I was overcome with grief and horror when I read about the plight of the people of the Horn of Africa as I was doing research for last Sunday's sermon. Twenty million people in Somalia and South Sudan and Yemen at risk of severe famine. The equivalent of the entire population of Iowa and Wisconsin and Minnesota and Missouri combined, all starving to death.
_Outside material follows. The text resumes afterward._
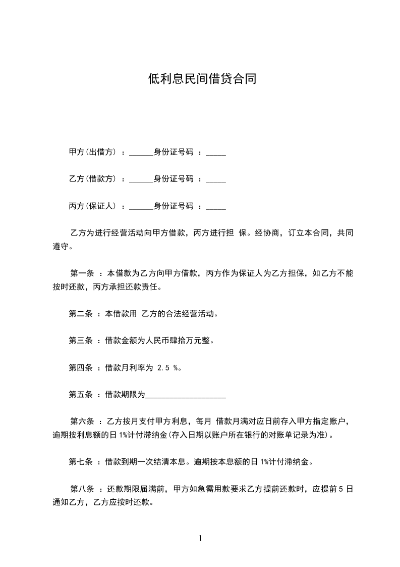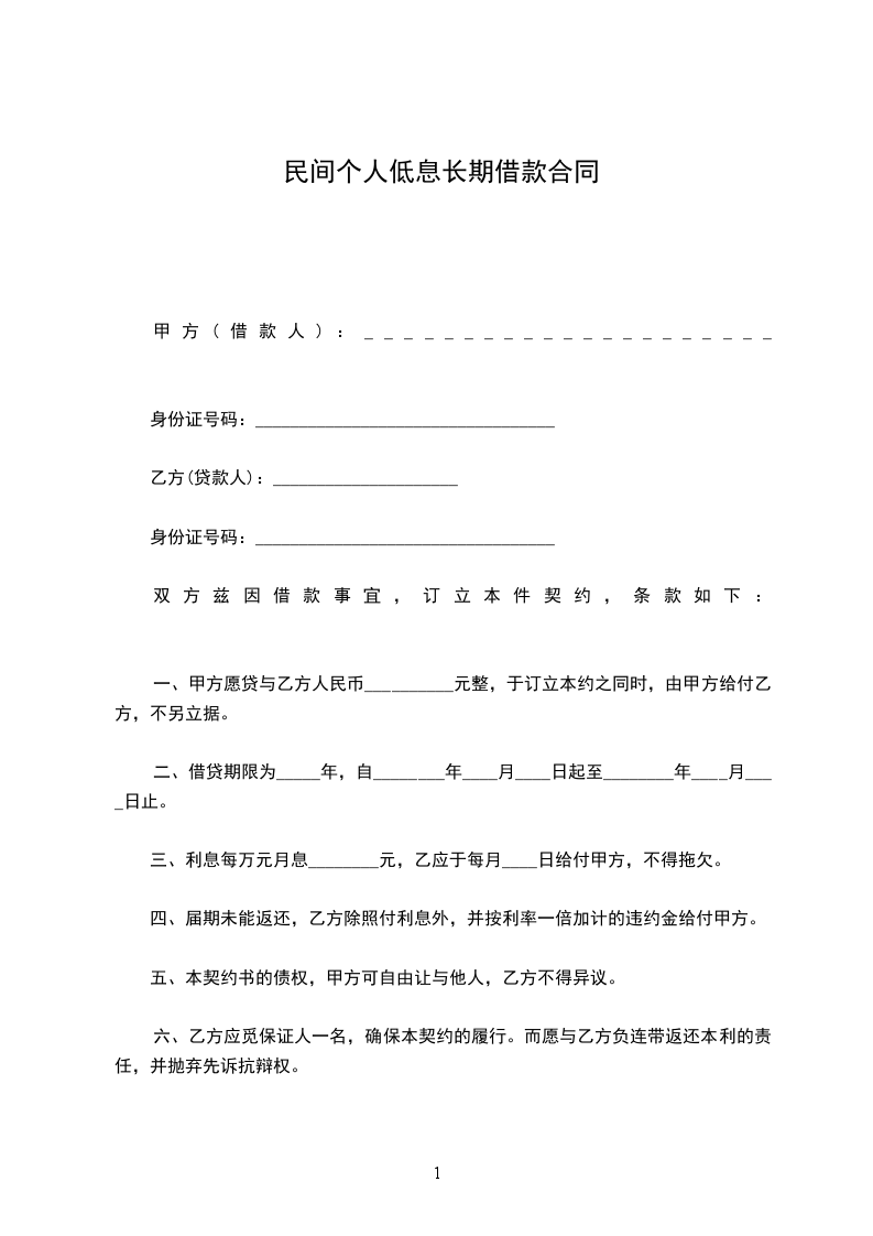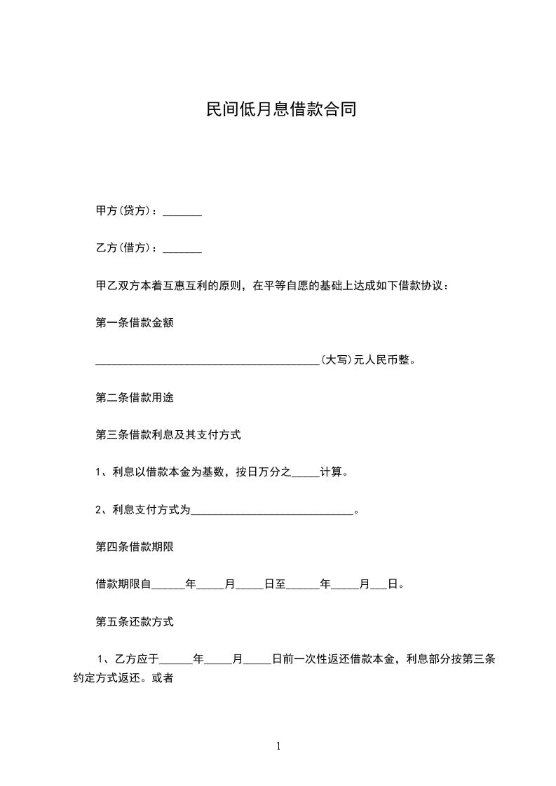 一、甲方愿贷与乙方人民币__________元整,于订立本约之同时,由甲方给付乙方,不另立据。

If that were indeed true here, we would think it a crisis of apocalyptic proportions. It is a crisis of apocalyptic proportions! I could not do nothing: "I was hungry and you fed me." If you want to do something, consider a gift to the American Relief Agency for the Horn of Africa (ARAHA), a relief organization based in Minneapolis. A gift of $150 supplies one family with a relief package that includes a "food basket, nutrition packs for children, and water" (

In rural Haiti, only half the people have access to an improved water source, water free from contamination. "I was thirsty and you gave me a drink." If you want to do something for thirsty people in Haiti or elsewhere around the globe where people lack access to potable water, consider a donation to charity: water (

"I was a stranger and you received me in your homes." As followers of Jesus, we must be at the center of the debate about the response of our nation and local communities to the immigrants and refugees among us, because Jesus told us that our welcome of strangers is a measure of our welcome of him. As a church, we have welcomed a community of Burmese worshippers into our "home," and that matters. Other churches have sponsored refugee families, or provided legal services to refugees and undocumented immigrants, or advocated for a compassionate response to foreigners among us. Some have chosen to identify as sanctuary churches. There is no one "right" response, but we must respond in some way because the stranger among us is Jesus.